Altre domande sono relativi alla posizione dell’utente al momento della ricezione del messaggio (regione, provincia, luogo esatto).

Ci sono poi quesiti in merito alla percezione di IT-Alert (quale emozione è stata provata, come si considera il servizio e se si hanno suggerimenti per migliorarlo).

Una volta a regime il sistema IT-Alert permetterà di informare in tempo reale i cittadini caso di disastri naturali o catastrofi imminenti o in corso.

IT-Alert non va a sostituire i canali di comunicazione tradizionali della Protezione civile, ma va ad aggiungersi.

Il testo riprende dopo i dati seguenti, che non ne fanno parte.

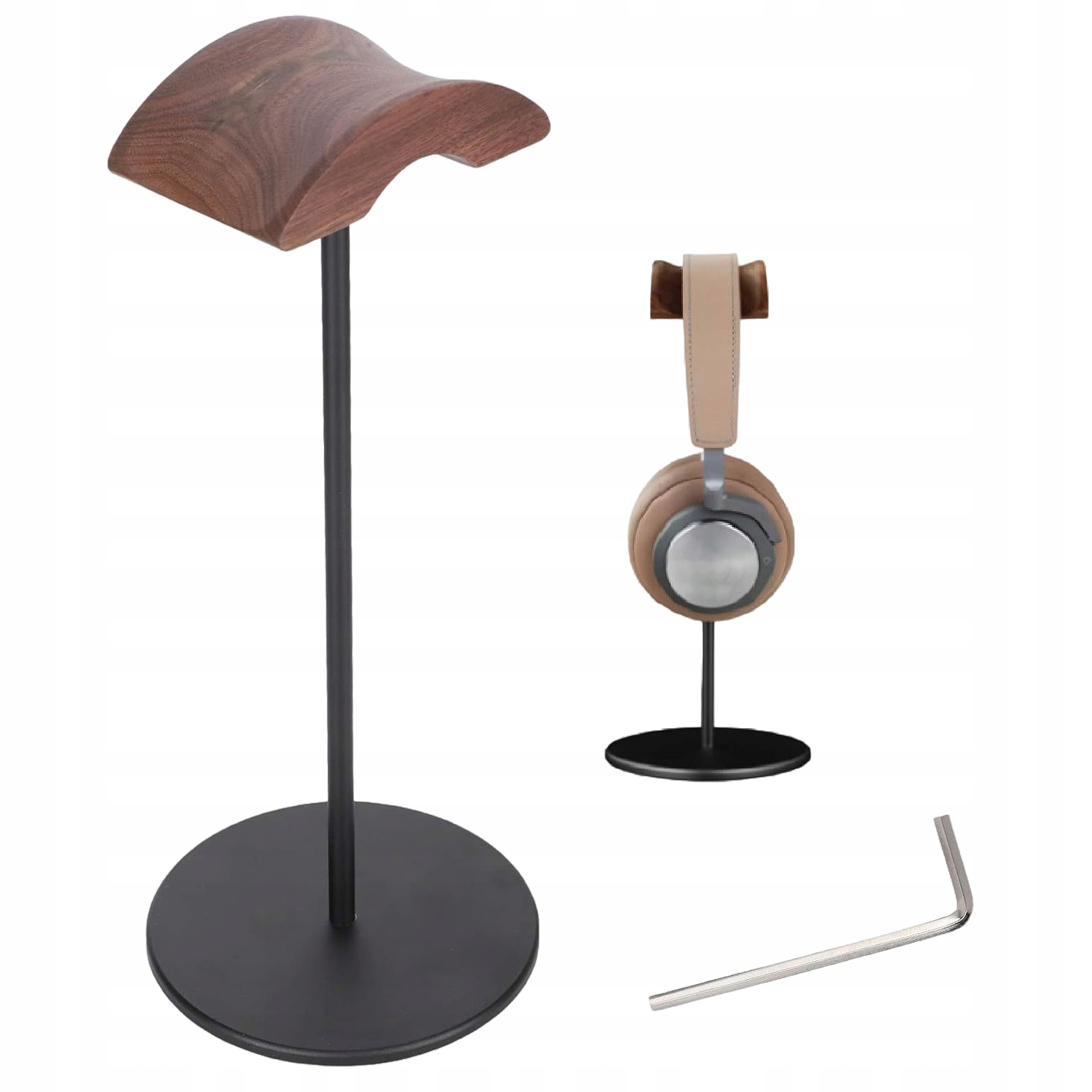 Підставка для навушників із натурального горіхового дерева та високоякісного металу забезпечує стабільність та довговічність. Поєднання цих матеріалів гарантує міцну основу, яка витримає щоденне використання, але при цьому виглядає дуже естетично на столі.

Il vantaggio principale è di poter funzionare anche in caso di saturazione della rete telefonica.

I prossimi test IT-Alert

La roadmap dei test IT-Alert proseguirà secondo il seguente calendario (salvo variazioni):

  • venerdì 26 gennaio: Abruzzo (incidente in stabilimenti industriali), Sicilia e Valle d’Aosta (collasso grandi dighe).

Ricevere l’sms di IT-Alert non basta

La Protezione civile specifica che ricevere i messaggi IT-Alert “non basta”: la popolazione viene invitata a informarsi sui rischi specifici della porzione di territorio in cui vive, ovvero alluvioni, terremoti, incendi boschivi, maremoti ed eruzioni vulcaniche.

A questo proposito la Protezione civile ha lanciato la campagna Io non rischio.